TSX provides guidance on acceptable anti-dilution provisions for convertible securities, adding a cashless exercise feature to security compensation arrangements and compliance with NCIB price restrictions

On December 7, the TSX published a staff notice providing guidance on: (i) acceptable standards for anti-dilution provisions for convertible securities; (ii) recent amendments to the TSX Manual respecting security-based compensation arrangements that provide for cashless exercises; and (iii) the application of the uptick prohibition for purchases made pursuant to normal course issuer bids (NCIBs).

Anti-dilution provisions for convertible securities

Convertible securities, such as warrants, options, debentures and preferred shares typically contain anti-dilution provisions designed to compensate holders of convertible securities for changes in a listed issuer's capital.

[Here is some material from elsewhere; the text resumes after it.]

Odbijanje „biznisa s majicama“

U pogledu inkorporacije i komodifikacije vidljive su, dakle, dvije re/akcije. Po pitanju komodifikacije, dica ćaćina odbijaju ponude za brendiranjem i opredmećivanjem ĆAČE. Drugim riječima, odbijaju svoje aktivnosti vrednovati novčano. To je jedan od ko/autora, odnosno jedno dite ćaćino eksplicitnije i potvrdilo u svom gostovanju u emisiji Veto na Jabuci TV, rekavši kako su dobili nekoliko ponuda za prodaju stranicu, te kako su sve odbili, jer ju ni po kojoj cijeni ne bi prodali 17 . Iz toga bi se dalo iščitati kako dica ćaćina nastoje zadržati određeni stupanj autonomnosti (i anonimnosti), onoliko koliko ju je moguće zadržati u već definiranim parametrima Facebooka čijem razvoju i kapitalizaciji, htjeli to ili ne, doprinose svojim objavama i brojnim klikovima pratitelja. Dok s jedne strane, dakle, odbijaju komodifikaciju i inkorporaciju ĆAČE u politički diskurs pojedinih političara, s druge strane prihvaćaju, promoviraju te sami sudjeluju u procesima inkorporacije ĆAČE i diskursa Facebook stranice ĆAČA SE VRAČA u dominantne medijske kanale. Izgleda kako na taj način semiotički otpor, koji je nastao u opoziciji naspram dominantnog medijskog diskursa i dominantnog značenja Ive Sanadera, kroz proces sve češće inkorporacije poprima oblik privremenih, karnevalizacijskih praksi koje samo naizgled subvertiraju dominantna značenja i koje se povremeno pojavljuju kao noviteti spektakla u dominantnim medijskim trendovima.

The notice clarifies the standards that the TSX applies in considering such changes. Specifically, the notice states that the TSX generally does not accept downward adjustments to the exercise or conversion price of a convertible security when a listed issuer completes a subsequent issuance of securities at a lower subscription price unless:

  1. in the case of warrants and options, the exercise price is not lower than the market price at the time the convertible security as issued; and
     
  2. in the case of a convertible instruments (such as debentures and preferred shares) the adjustment results in a conversion price that is not lower than the market price at the time the convertible security was issued, less the maximum discount allowed under the TSX Manual.

Where an adjustment results in the issuance of additional securities rather than a change to the subscription or conversion price, the TSX will consider the effect on the effective subscription or conversion price in order to apply the above rules. If the above pricing conditions are not satisfied, disinterested security holder approval will be required.

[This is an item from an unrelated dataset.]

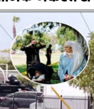
दोनों के शव मस्जिद के पास एक वाहन में मिले, शुरुआती जांच में माना जा रहा है कि उन्होंने खुद को गोली मारी

वाशिंगटन। अमेरिका के सैन डिएगो स्थित मस्जिद में गोलीबारी में 5 लोगों की मौत हो गई। इनमें एक सिक्सोरीटी गार्ड और दो संदिग्ध शामिल हैं। पुलिस के मुताबिक, दोनों संदिग्ध किशोर थे। एक की उम्र 17 साल और दूसरे की 19 साल थी।

In addition, the notice clarifies that adjustments to the number of securities due to stock splits and consolidations must be proportionate and adjustments to the exercise or conversion price of securities to compensate security holders for the loss of value where there is a rights offering or special distribution are generally acceptable, but anti-dilution provisions for dividends or distributions in the ordinary course of business are not. According to the notice, participation of convertible security holders in regular distributions to shareholders is subject to the TSX's prior consent, and amendments to conversation or exercise prices under  “basket” clauses (which permit the board to amend the exercise or conversion price at its discretion in the event of a dilutive event not specifically contemplated in the anti-dilution provisions) are subject to the prior consent of the TSX. The notice also states that instruments governing the terms of convertible securities should provide that any amendments shall be subject to the prior consent of the TSX. The notice also clarifies that not all of the guidance provided in respect of convertible securities will apply to exchangeable securities.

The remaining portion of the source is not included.